Tuesday, May 01, 2012

Juridics: AcademicsLawSchools: Affordable Care Act b4 USA Supreme Court challenges, in oral arguments

The distinguished Randy Barnett posted this on Volokh Conspiracy (April 30) blog regarding the USA's Affordable Health Act insofar as structured in terms of "individual mandate" :


My version of the headline, Lawt.
Burnett posted text below: 30 Apr 2012 07:55 AM PDT


I just read the blog post by Michael to which David linked below in which Michael describes the Yale Law School conference on Jack Balkin’s marvelous new book, Living Originalism:
It is impossible to convey the constitutional establishment’s near-clinical obsession with, and hysteria over, the possible invalidation of the ACA’s individual mandate. It would, they say, amount to an unconscionable act of aggression on the democratic process. A reversal of the New Deal and a resurrection of the ancien regime of the Second Republic. A judicial coup d’etat. The Constitution in Exile. (Never mind that the plaintiffs’ briefs explicitly affirm that Wickard was rightly decided.) Much handwringing arose over the elite media’s commitment to be fair to both sides even when, as here, there is no reasonable other side. The plaintiffs’ briefs are beneath contempt. Randy Barnett is a creature of The New York Times and its addiction to a false neutrality.
On the latter point, I have been saying for some 2 years now that the “mainstream” media coverage of the ACA lawsuits has been remarkably fair and balanced throughout.  Not only have they been reporting what both sides say, and accurately conveying the color and substance of oral arguments below, but the reporters seem to have a more sophisticated grasp of the legal arguments — and their relative merits — than is evinced by some law professors.  In this category, I include numerous reporters from the Washington Post, AP, Reuters, Bloomberg,  Politico, the Wall Street Journal, and the New York Times.   But what else would a “creature of the New York Times” think?

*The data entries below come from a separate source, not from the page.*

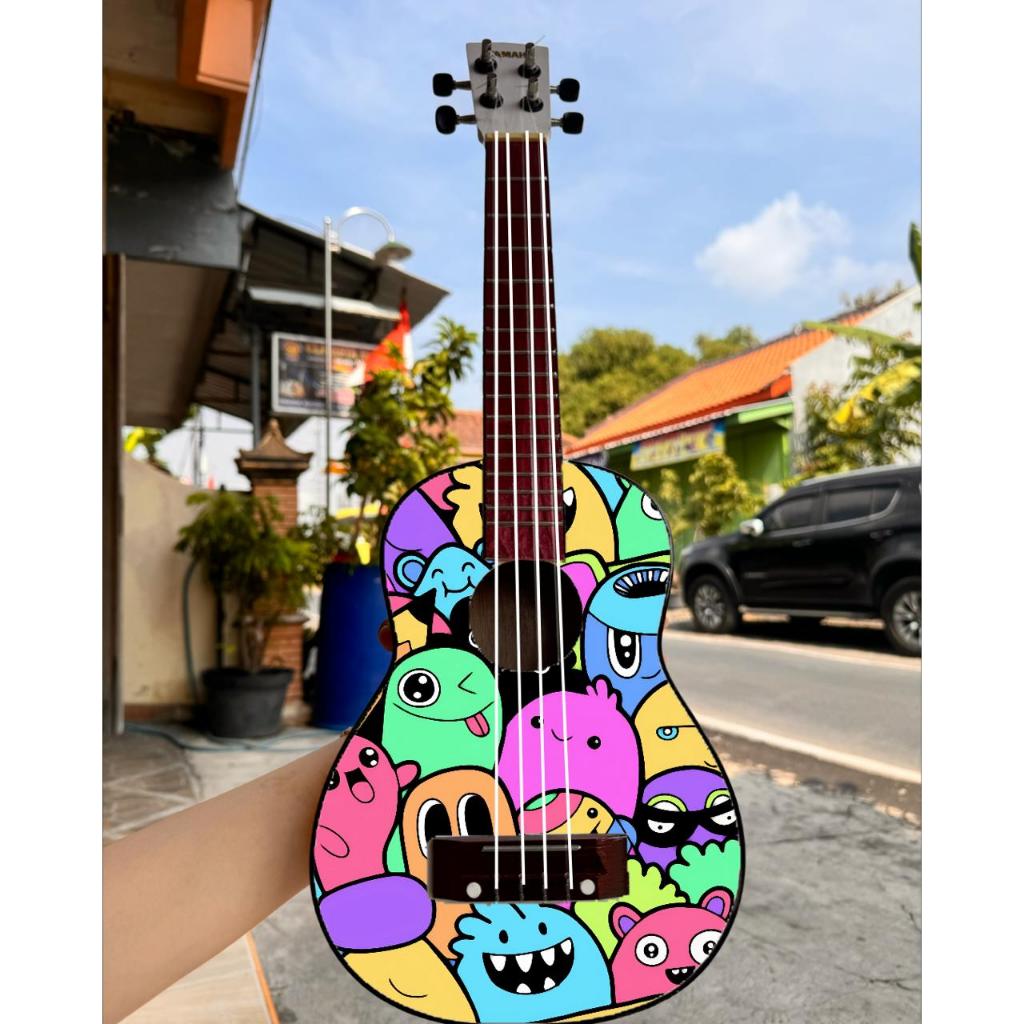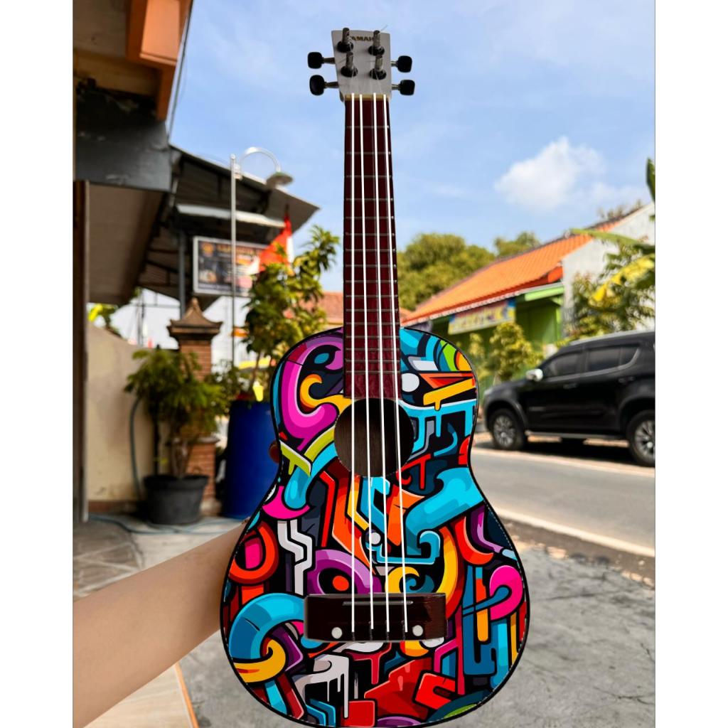 ukulele senar 4 murah motif dan warna bonus pick (Gratis Packing Kayu) paket lengkap
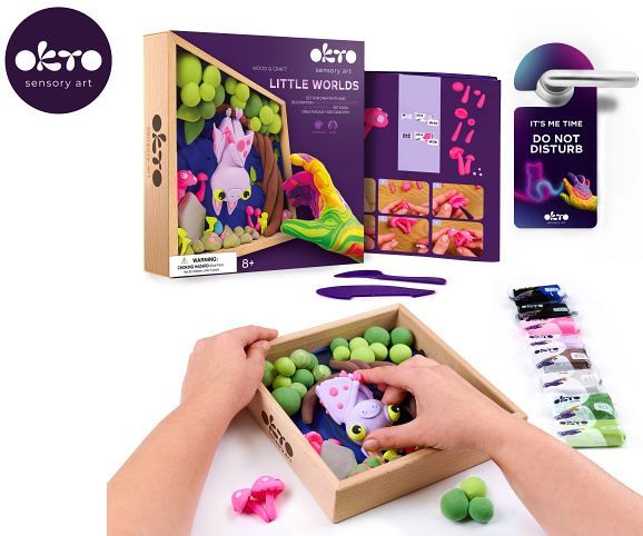 OKTO Modelování Malý svět v rámečku motiv "Netopýr". Velikost rámu 21x21 cm. Vytvarujte 3D scénu podle návodu. Obsah balení - dřevěný rám, obrázkový návod, dřevěný modelovací nástroj, sada samoschnoucí modelovací hmoty, akrylový lak 20 ml, štětec.
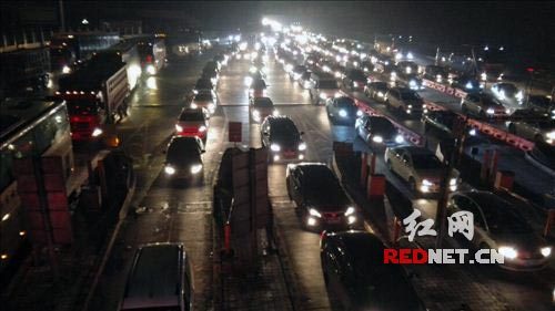 (2月25日零点金鱼石省际卡口车流,车流虽然巨大,不过秩序井然。)
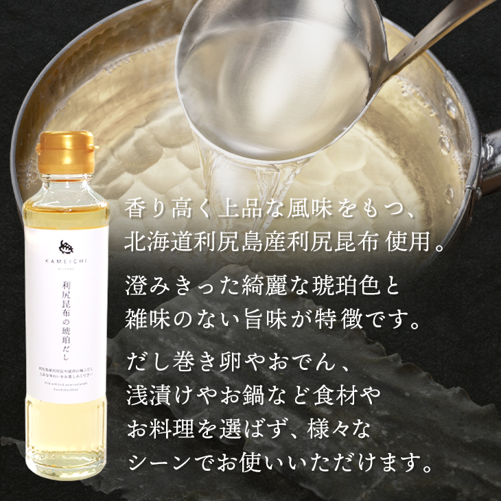 澄んだ琥珀色と、すっきりとした旨味が特徴です。だし巻き卵やおでん・野菜の浅漬け・鍋のだしなど、食材や料理を選ばず、様々なお料理にお使いいただけます。
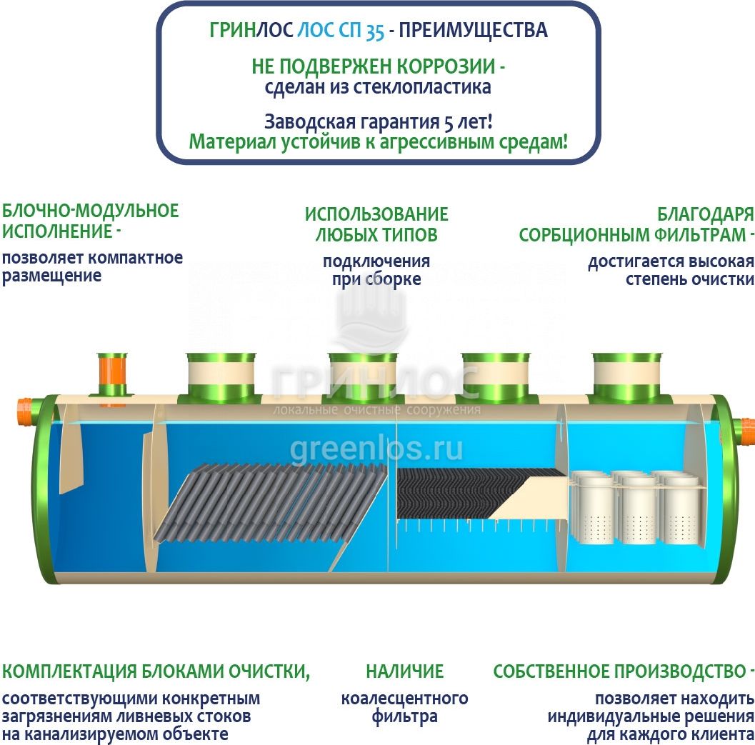 Ливневая канализация Гринлос ЛК 35-2300 Сп снабжена отсеком, в котором стоки проходят окончательную очистку через фильтр-патрон с сорбентом.
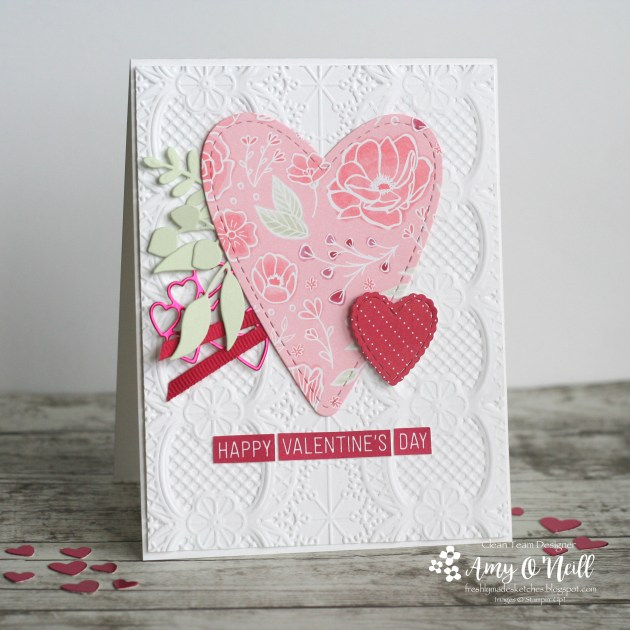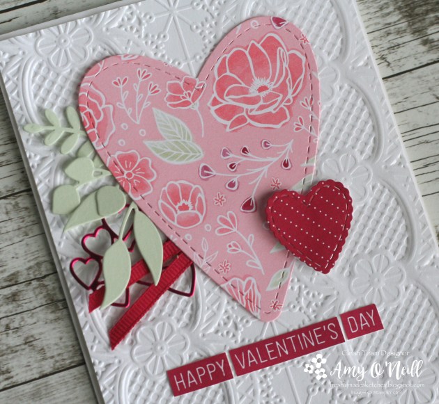 2. Love this card Amy! That big heart is so pretty and I just love the embossed background! Plus, those little red hearts peeking out are just perfect! This card screams Valentine’s Day!
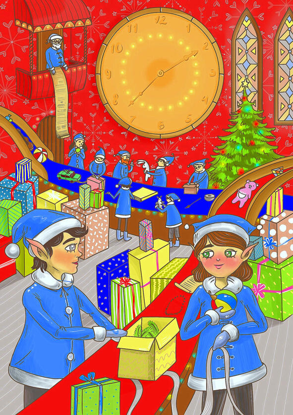 На фабрике игрушек Деда-Мороза без устали работали волшебные эльфы.
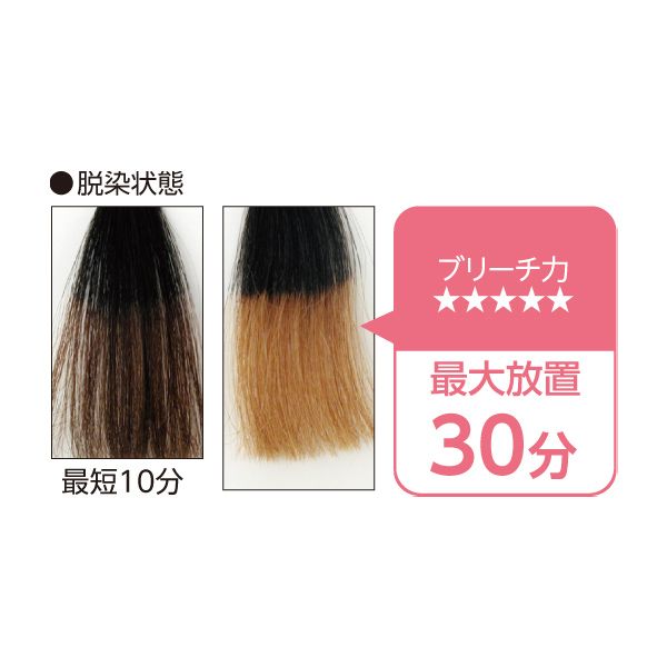 コントロールできるパワフルブリーチ。ホイップクリーム状だからムラにならない。1剤のパウダーが小分けになっているので使いやすく、スピーディーに施術できる。

The law professors’ reaction reported by Michael is no surprise.  We have seen it before.  Regardless of the outcome of the ACA, this interim reaction to critical questions from the Justices at oral argument is revealing and worth pondering.  I think a number of factors are at play, but Michael puts his finger on the most important:  ”I can explain it only this way: the resistance is to the very notion on any limit, qua limit.”  I have been meaning to blog about this for a while, but the subject is a touchy one and the spirit has not yet adequately moved me.  I share Michael’s instincts:  A ruling invalidating the mandate would strike at the constitutional “world view” of established legal academics on the left and many on the right too.  That it why the traction of the challenge has taken them by surprise, as well as their visceral reaction to oral argument.   Of course, if the Supreme Court upholds the ACA, all will be right with the world.